Lawrence's racism and sexism is unavoidable and discomforting. On the other hand, the book is justly a classic, and many of its passages have a sweeping beauty and an almost epic scope. (And humour: one Arab woman says of Lawrence's blue eyes that they were like the sky shining through the sockets of an empty skull.)


32. John Man, The Great Wall, London, 2008.

This isn't as good a book as his Genghis Khan. It is, however, a reasonable overview of the history of the Great Wall (or "Long Wall" or "Long City" in other translations), with an understandable focus, given Man's primary interests, in the 'barbarians' from beyond the wall.

It would've been much improved by the inclusion of more specific academic - at least archaeological - information regarding the Wall(s), and just a little less travelogue. As it is, the travelogue, rather than the history, is the more detailed part of the work.

Still. It's an easy read, and worth the reading.


33. Polybius, The Rise of the Roman Empire, translated by Ian Scott-Kilvert, Penguin Classics, London, 1979.

I'd been working my way through Polybius for very nearly three months by the time I finished it, on a train leaving New York city.
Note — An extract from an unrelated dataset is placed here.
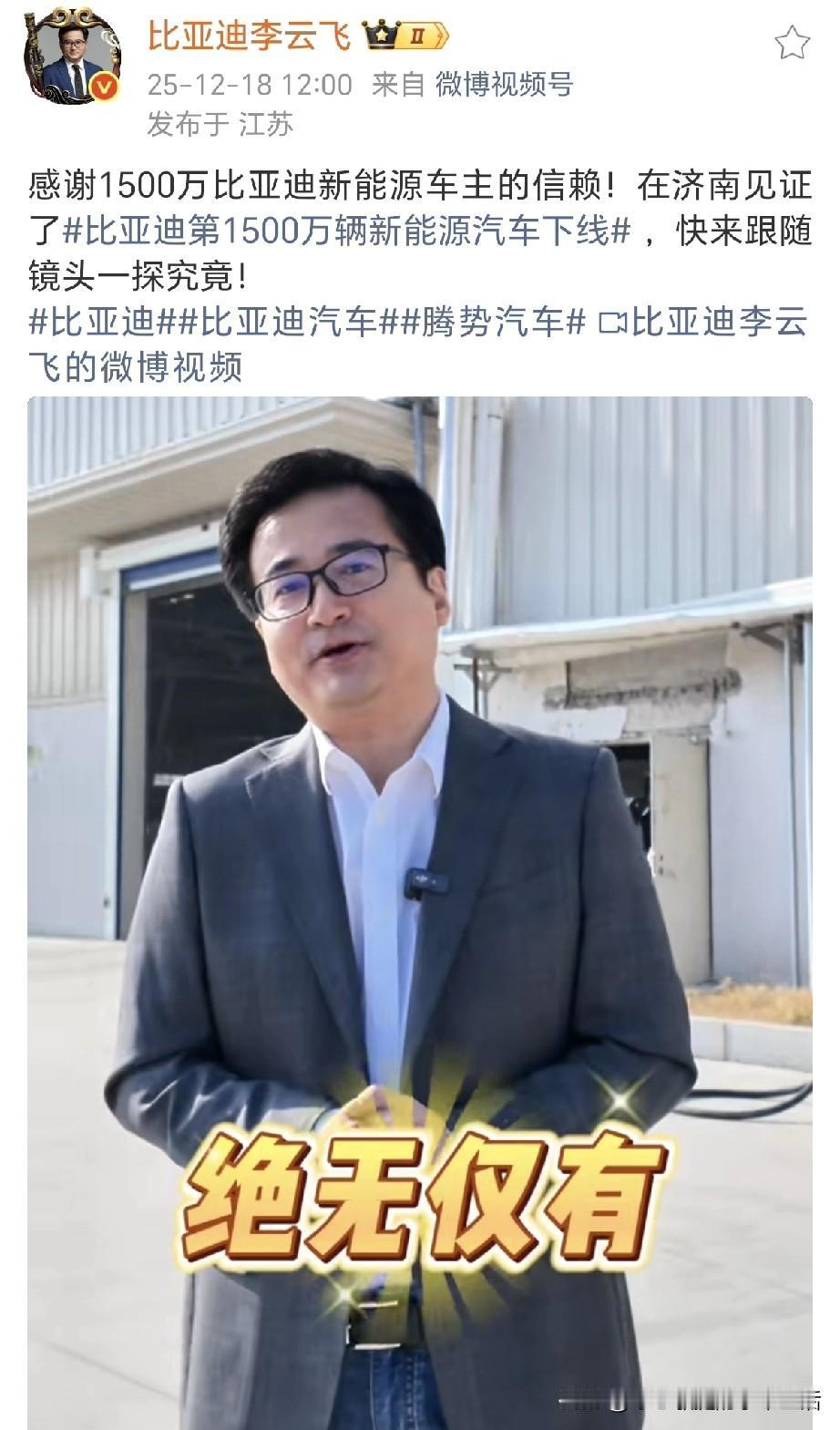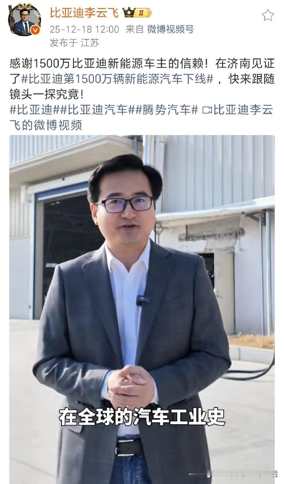 比亚迪李云飞:这速度,在全球的汽车工业史上都是绝无仅有的。 2023年8月比亚迪第500万辆新能源汽车下线,罗振宇 成为第500万辆车主! 2024年11月比亚迪第1000万辆新能源汽车下线,成为首家达成这一里程碑的车企。游戏科学创始人兼CEO冯骥喜提腾势Z9,成为比亚迪第1000万辆新能源汽车车主。 2025年12月比亚迪第1500万辆新能源汽车下线,第1500万台新能源汽车的主角腾势N8L。 自2008年比亚迪第一辆新能源汽车上市以来,从1~100万辆,比亚迪用了13年! 从500万到1000万,再到1500万台,只用了短短的两年时间!比亚迪李云飞表示这样的发展速度呢,在全球的汽车工业史上都是绝无仅有的。 两年前还在庆祝500万,如今已经突破1500万辆!这速度真的让人佩服。其实冷静下来思考,1500万辆,能卖这么多,是经过了市场考验,是多年的技术积累、是稳定的品质、是口口相传的口碑!在新能源赛道上,比亚迪用技术和硬实力跑出了中国速度!为比亚迪点赞!

It's hard going, because Polybius is a stickler for detail - the kind of historical detail that is a boon for researchers, and makes simply reading the book a wearisome chore.

Still, it's packed full with interesting historial episodes about the Punic Wars and contemporary happenings in Greece, and I am very happy to have finally managed to read it through to the end.


fiction


34. Matthew Stover, Star Wars: Luke Skywalker and the Shadows of Mindor.

Timothy Zahn's Star Wars novels were my introduction to science fiction, and from nostalgia, I think, I kept reading SW novels long after I should've given up the ghost. Sometimes, though, it leads to good things, and Stover is one of them. He takes the pulp material that is Star Wars and gives it refreshing power and depth.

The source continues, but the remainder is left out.